The new regulations bring the Island in line with payday loan practices in other provinces.
Payday lenders provide customers with short-term cash. They have been heavily criticized for charging high fees, and Katharine Tummon, the director of consumer, labour and financial services for the province, told CBC News Thursday there has been other trouble.
"We have seen problems here. We've seen collections practices that are improper," said Tummon.
"We've seen some very, what we would call, harassment techniques out there."
The new regulations will force lenders to make the terms of their loan very clear, and it will impose a cap of $25 in fees for every $100 borrowed. The province will also be able to shut down operations that don't follow the rules.
"It gives us a lot more power to deal with the problems rather than just persuasion," said Tummon.
Walter MacKinnon vice president of PWC Debt Solutions in Charlottetown, said he has seen clients who have landed in trouble using payday lenders.

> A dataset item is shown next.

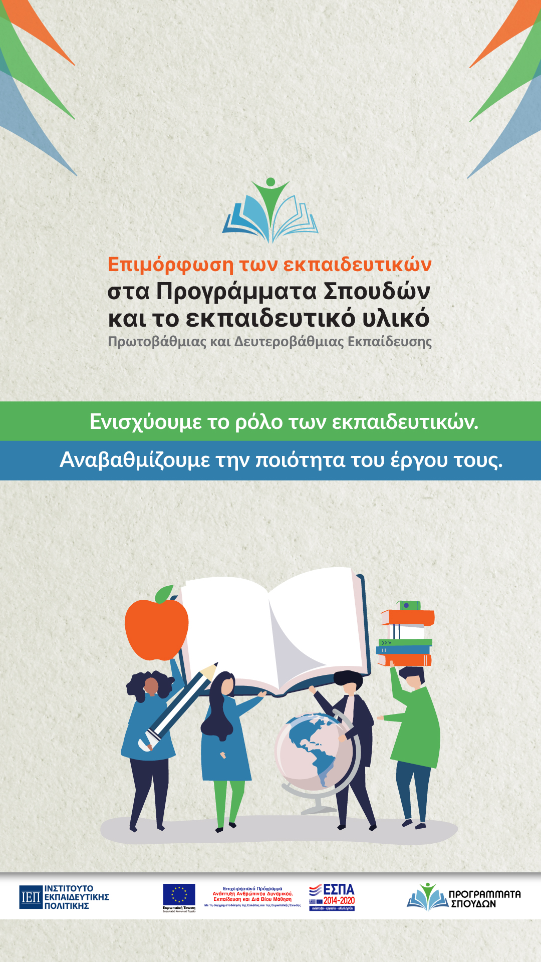 Η Πράξη «Επιμόρφωση των εκπαιδευτικών στα Προγράμματα Σπουδών και το Εκπαιδευτικό Υλικό Πρωτοβάθμιας και Δευτεροβάθμιας Εκπαίδευσης» έχει ως αντικείμενο: α) την εκπόνηση επιμορφωτικού υλικού επί των νέων Προγραμμάτων Σπουδών και του αντίστοιχου υποστηρικτικού υλικού των γνωστικών πεδίων της Πρωτοβάθμιας και της Δευτεροβάθμιας Εκπαίδευσης (συμπεριλαμβανομένων των μαθημάτων Μουσικής και Καλλιτεχνικής Παιδείας των Μουσικών και Καλλιτεχνικών Σχολείων) καθώς και τον σχεδιασμό και την πραγματοποίηση επιμορφωτικών δράσεων επ' αυτών για τους/τις εκπαιδευτικούς της πρωτοβάθμιας και της δευτεροβάθμιας εκπαίδευσης και β) την υλοποίηση επιμόρφωσης για τη διδασκαλία της ελληνικής ως δεύτερης γλώσσας.

"Payday lenders might be a way to get some cash immediately, to solve the problem now. But in many cases they've created another problem: having to pay back the payday lender maybe more," he said.
The Canadian Payday Loan Association welcomes the new regulations.
"Our members look forward to operating within the new laws and regulations to provide a valued service to the consumers of P.E.I.," wrote association president Stan Keyes in an email to CBC News.
The new regulations will have to be approved federally before they are put in force, but the province says it's pretty much a done deal, and the new rules should be in place in less than a year.